In this stunning picture book debut from Dalton, strikingly painted by veteran illustrator Sikorskaia (Big Cat, Little Fox, 2018, etc.), a girl sees the wisdom in her grandmother’s words across a multitude of beautiful skyscapes.

A little girl and her grandmother, both dark-skinned, look into the sky together. The grandmother tells the child that if she’s feeling lost but can see the moon through the clouds, she will “know you’re in the place you are meant to be.” If there is no moon, that is a moment to learn patience. If there are stars, they glow with the child’s accomplishments.

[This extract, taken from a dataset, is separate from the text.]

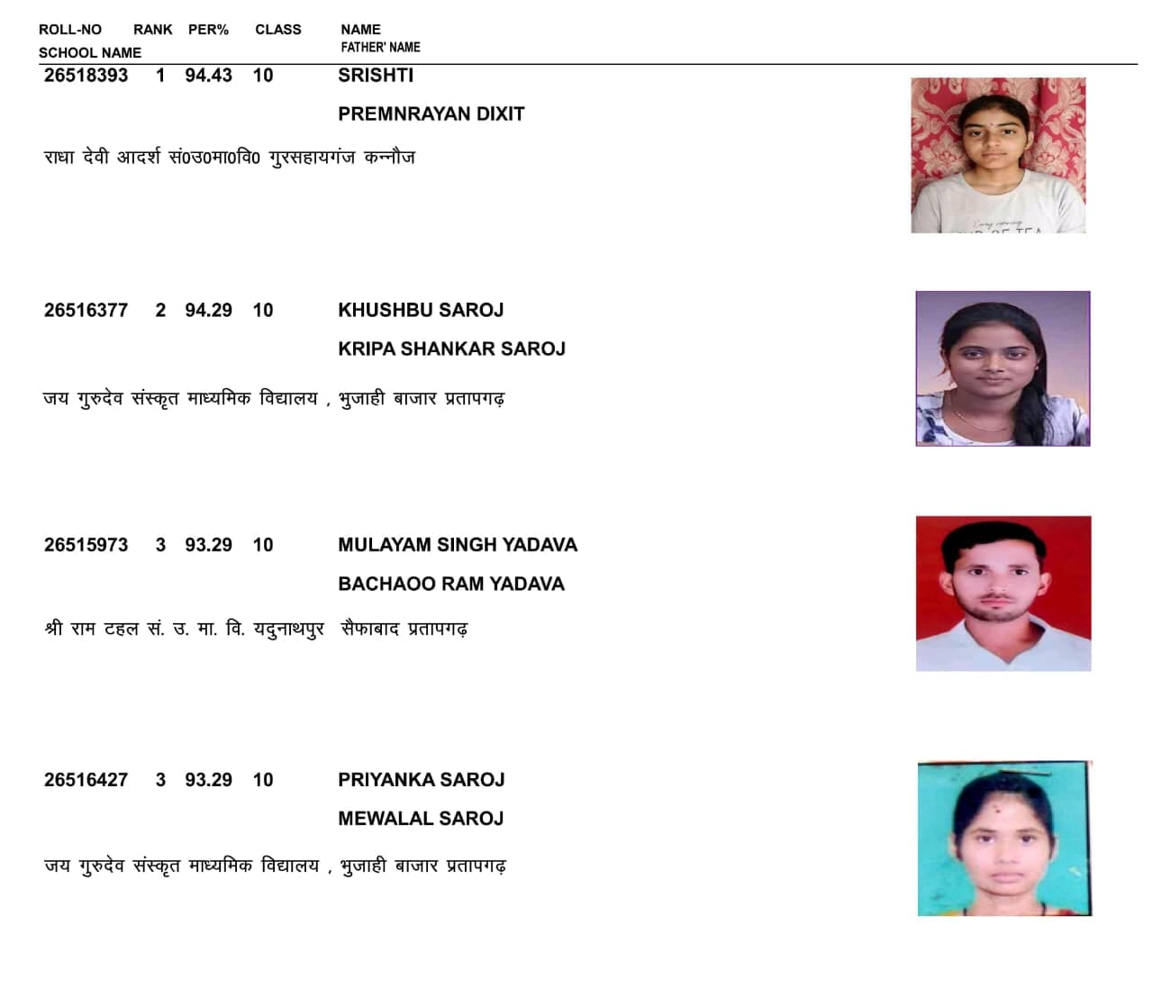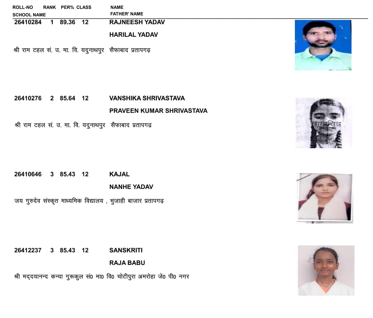 तीसरे स्थान पर प्रतापगढ़ के मुलायम सिंह और प्रियंका सरोज संयुक्त रूप से 93.29 प्रतिशत अंकों के साथ रहे। वहीं, उत्तर मध्यमा द्वितीय (कक्षा 12) में रजनीश यादव ने प्रदेश टॉप किया है। दूसरे नंबर पर वंशिका श्रीवास्तव हैं। तीसरे नंबर पर काजल और संस्कृति हैं। रजनीश, वंशिका और काजल प्रतापगढ़ के रहने वाले हैं। संस्कृति अमरोहा की रहने वाली हैं।
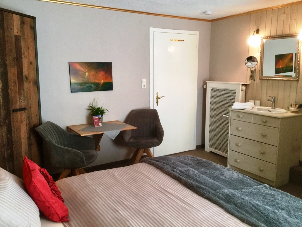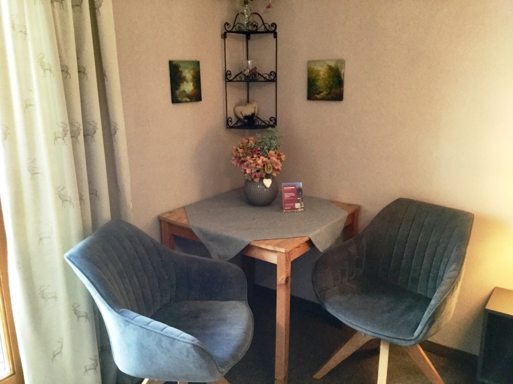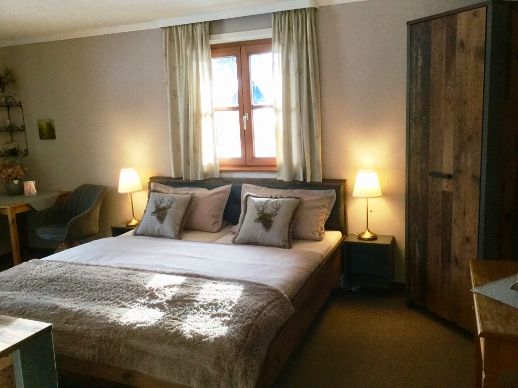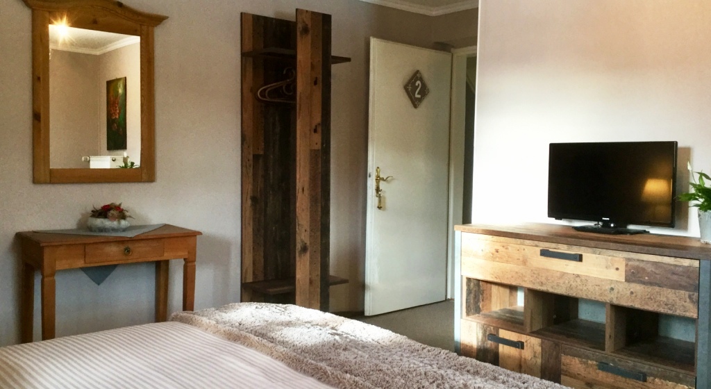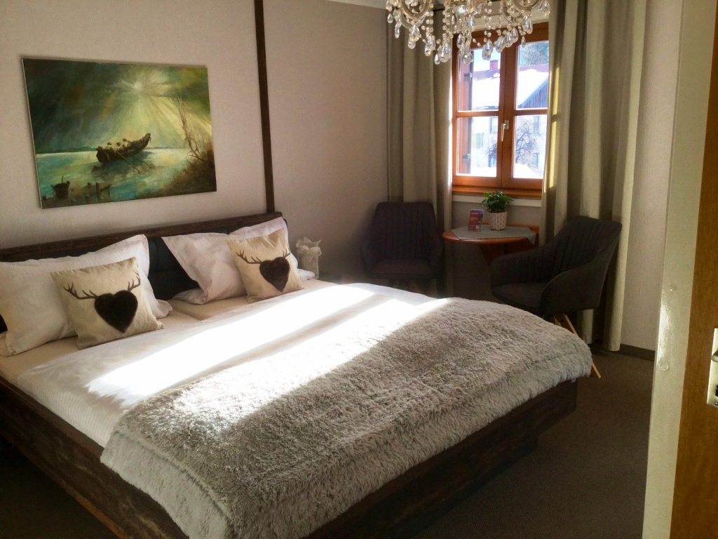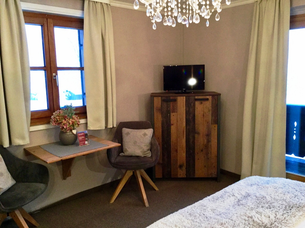 DZ mit Du/WC, TV. und Balkon. Herrliche Aussicht auf Wiesen, Loipen, Dorfzentrum und den Wilden Kaiser.

Each skyscape represents something: A shooting star is the girl’s uniqueness; a storm shows that even bad moments can be exciting—and will pass; clouds are dreams waiting to be dreamed; and a cloudless sky shows anything is possible. Sikorskaia’s vibrant color choices stretch across double-page spreads, each with the girl showing a different aspect of her own personality that reflects the grandmother’s wisdom: She is in turn a ballet dancer, a hiker, a canoe paddler, a dreamer, and—at the end—a mother with a son of her own, sharing what her grandmother told her. The rhythm and cadence of Dalton’s prose are beautifully lyrical, and the tone is at once forward-looking and nostalgic: The world is full of possibility, and those we love are with us always.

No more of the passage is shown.